• [DIRECTIONS]:
Please keep pictures out of the copy, and print exactly the lines from the one containing "Farbiges Mandala-Design mit" through the end of the records.

• [SOURCE INFORMATION]:
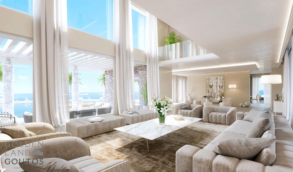 This extraordinary Hyper-Lux Villa in Mykonos is a rare waterfront estate set across an expansive landholding of approximately 23,000 sq.m., with total built areas exceeding 1,750 sq.m. Positioned in one of the most sheltered and prestigious coastal areas of Mykonos, the property enjoys direct proximity to the sea, just a few meters from the shoreline, offering uninterrupted views and a serene, private environment.
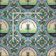 Farbiges Mandala-Design mit Silhouette von Scheibengolfkörben und -ketten, das die Spieler daran erinnert, "Putt Plastic In seinem Platz".
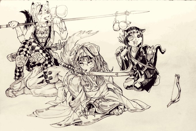 #アナログ絵 #ケモノ 獣人くノ一部隊
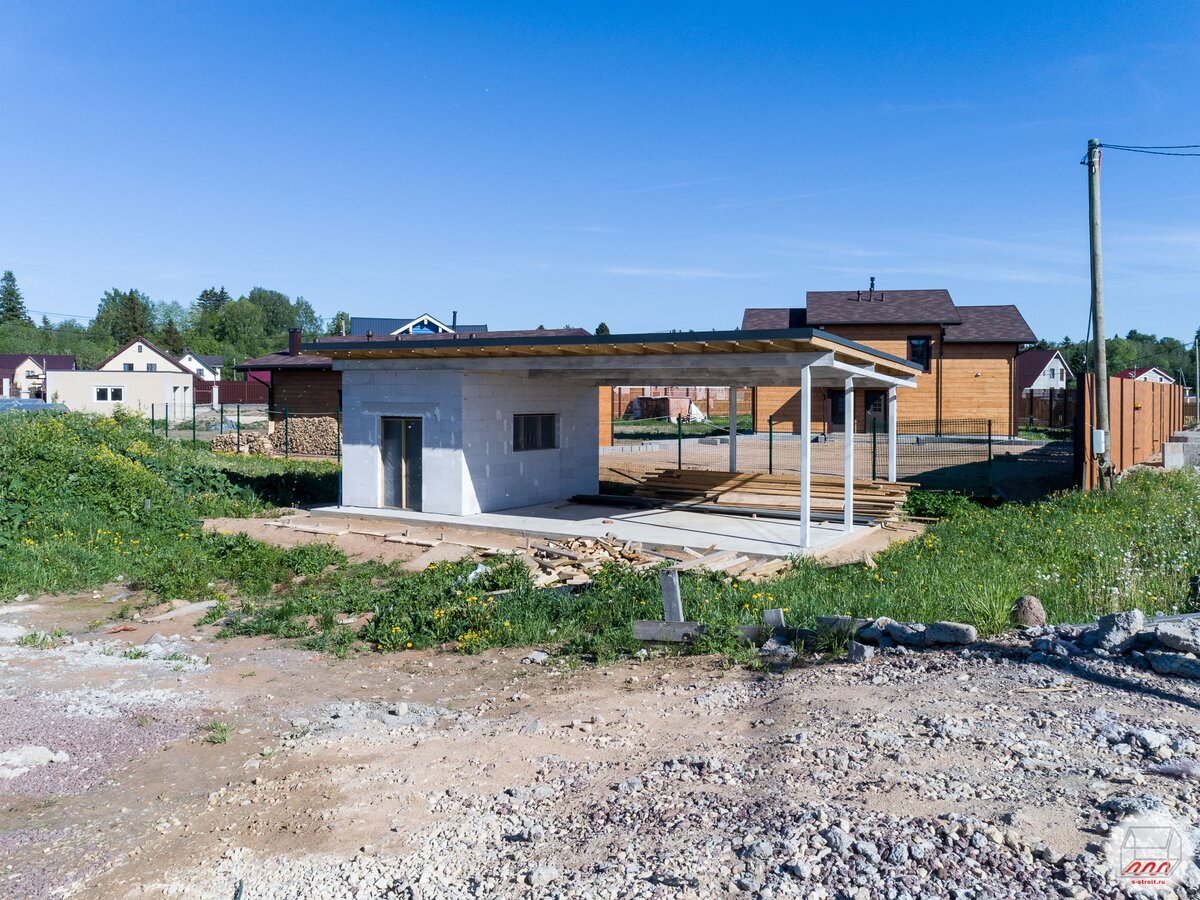 Хоз.блок 15 м2 с навесом на 2 машины, общие габариты 6,5*11 м. Здание 3,5*5,5 из газобетона 250 мм + навес 6*7,5 м с односкатной крышей
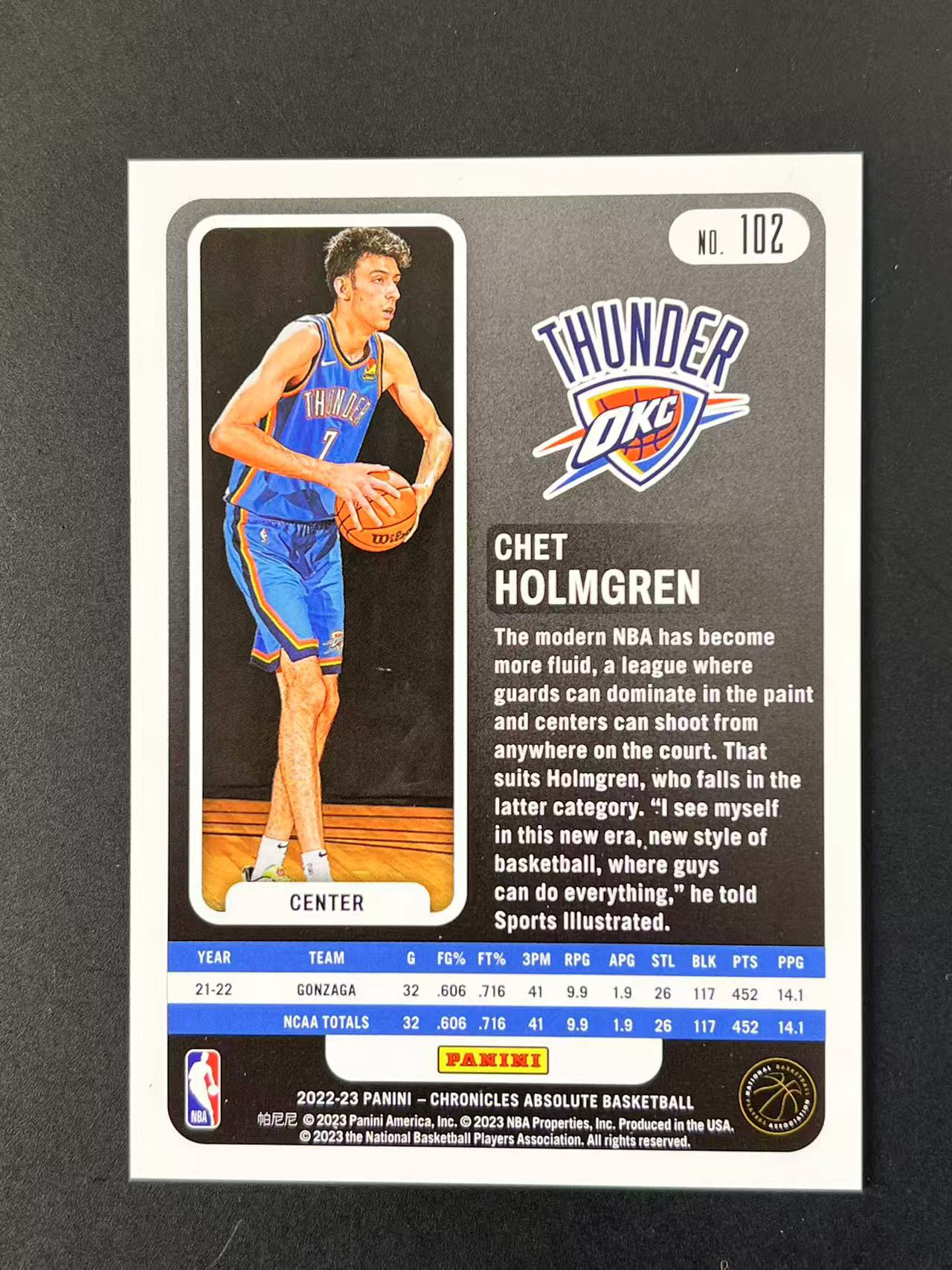 2022-23 Panini Chronicles Chet Holmgren RC【卡老鼠代卖】编年史 雷霆 新秀RC 切特 霍姆格伦 09/18编 超低编 折射 天意 寄付

• [ANSWER SPACE]:
 Farbiges Mandala-Design mit Silhouette von Scheibengolfkörben und -ketten, das die Spieler daran erinnert, "Putt Plastic In seinem Platz".
 #アナログ絵 #ケモノ 獣人くノ一部隊
 Хоз.блок 15 м2 с навесом на 2 машины, общие габариты 6,5*11 м. Здание 3,5*5,5 из газобетона 250 мм + навес 6*7,5 м с односкатной крышей
 2022-23 Panini Chronicles Chet Holmgren RC【卡老鼠代卖】编年史 雷霆 新秀RC 切特 霍姆格伦 09/18编 超低编 折射 天意 寄付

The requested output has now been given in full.